Evidence-based suggestions

  • To achieve conceptual change, students need to be able to look across a wide range of contexts and identify the commonalities.
  • Students will cycle between scientific and alternative conceptions from one context to another.
  • Many students will face difficulty transferring learning from one context to another and should be reminded of analogous contexts.

Learners’ ideas

  • Students commonly confuse force and motion or believe that forces can be ‘used up’ during motion.
  • Students believed that a force will always cause an object to immediately move in the direction of the force, rather than just accelerating in that direction.
  • Students believe a stationary object must have no forces acting on it.
  • Many students believe that a constant force will result in a constant speed and only a chance in force will cause acceleration.

Study Structure


The study aimed to investigate the nature and process of conceptual change by answering two research questions:

  1. How effective is conceptual conflict in fostering conceptual change?
  2. Is conceptual change realized as a development (addition), a replacement of alternative conceptions, the coexistence of a range of conceptions with each coming into play in a specific context, or some other process?

Evidence collection

Four computer simulation programs, with three of them accompanied by worksheets, were developed to provoke conceptual conflicts and facilitate conceptual change among students. These students worked in pairs on a series of tasks while being audio recorded, the transcripts of which constituted the primary data source for the study. Subsequently, a 15-question multiple-choice test was administered to gather students' opinions on the computer programs.
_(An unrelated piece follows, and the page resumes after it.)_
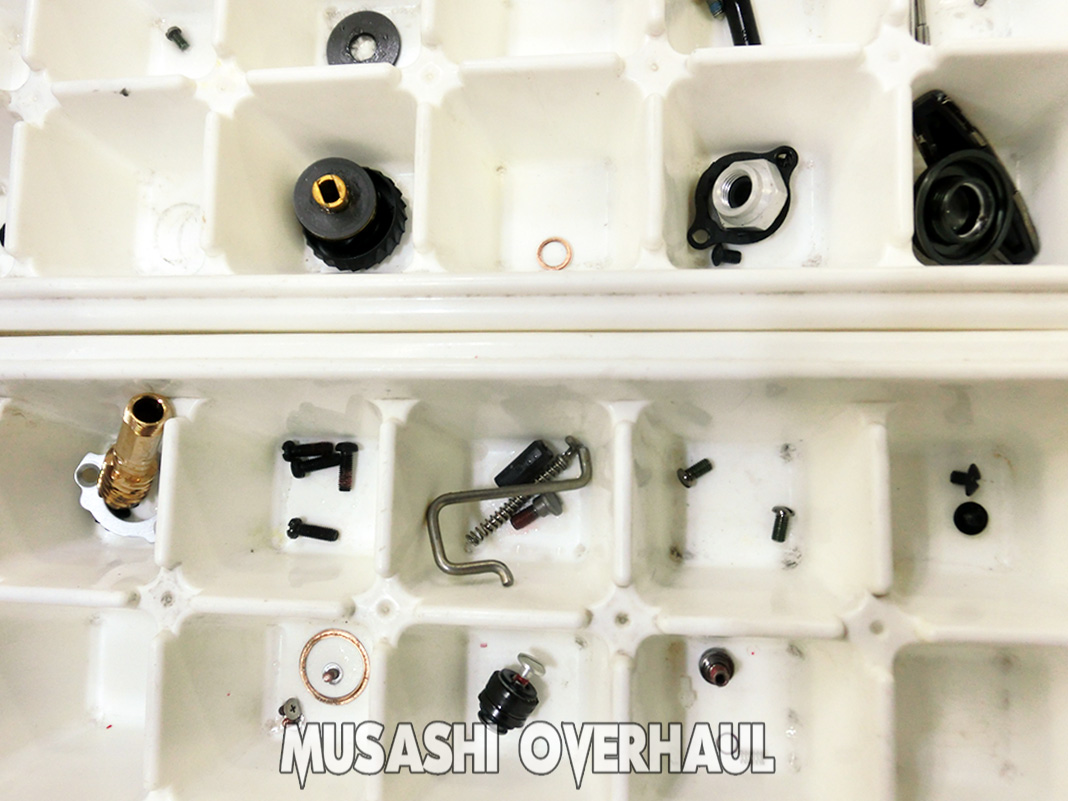オーバーホールの基本ステップは以下の通りです:①完全バラ ②完全洗浄 ③完全磨き上げ が基本です。[展開図]

Overall, data was collected through pre-tests, post-tests, delayed post-tests, and student interviews conducted at various stages of the study. The analysis focused on four dimensions: alternative conceptions of force and motion, the relationship between motion and force, the effects of force, and conceptual conflicts.

Details of the sample

The sample consisted of 27 15–16-year-old students in a science class from a Catholic boys' high school in Melbourne. In this school students were regarded as generally of average ability, science staff were appreciative of the conceptual change instructional strategy, and it had suitable and adequate computer facilities for running the computer programs.